La SRF laisse une grande autonomie de fonctionnement à la Quinzaine, mais je l’ai bien sûr informée régulièrement au fur et à mesure des événements et de l’élaboration de notre décision. Avec les autres sections cannoises, nous partageons exactement la même préoccupation pour les films qui auraient pu et qui auraient dû exister à Cannes cette année. Chacun a réagi en répondant à ses enjeux spécifiques et je pense que chacun a fait au mieux par rapport aux films avec lesquels il discutait. Ce n’est pas une question d’autonomie ou d’écart, c’est une question de pertinence et de cohérence entre les films et le projet de chaque sélection. Il y a différents esprits qui se manifestent à Cannes et qui s’incarnent dans les différentes sections, et la différence de notre action ne répond qu’à cela.

Quel est votre sentiment personnel d’avoir dû renoncer à cette édition cannoise ?

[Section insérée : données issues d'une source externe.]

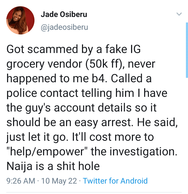 Recounting the experience on Twitter, she wrote: “Got scammed by a fake IG grocery vendor (50k ff), never happened to me b4. Called a police contact telling him have the guy’s account details so it should be an easy arrest. He said, just let it go. It’ll cost more to “help/empower” the investigation. Naija is a shit hole.”
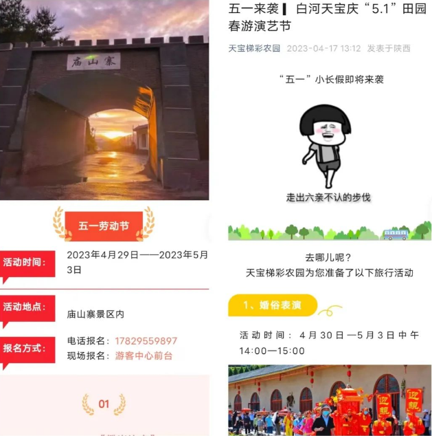 景區景點開放到位。“五一”期間,3家A級景區景點全部正常開放。其中天寶4A景區從4月29日至5月3日籌備舉辦田園春游演藝節系列活動,推出門票七折優惠措施;廟山寨3A景區將舉辦“廟山”好聲音、攀巖比賽等節慶活動,推出138元游玩通票打五折、門票+餐飲立減等優惠措施。Lek安康新聞網

Une énorme tristesse, évidemment. Mais une énorme tristesse pour quelque chose d’inévitable. Il y a une sorte d’acceptation aussi et une grande envie de rebondir. C’est un vrai mélange de sentiments. C’est la première fois que la Quinzaine est annulée, donc ce n’était une décision simple et, avec l’équipe de la Quinzaine, nous avons vraiment souffert et exploré toutes les possibilités avant de la prendre. Mais c’est une décision qui répond à l’état du monde, donc on relativise aussi. Il y a des milliers de personnes qui sont encore en train de mourir dans le monde entier à cause de cette maladie, notre situation n’est certainement pas la plus grave.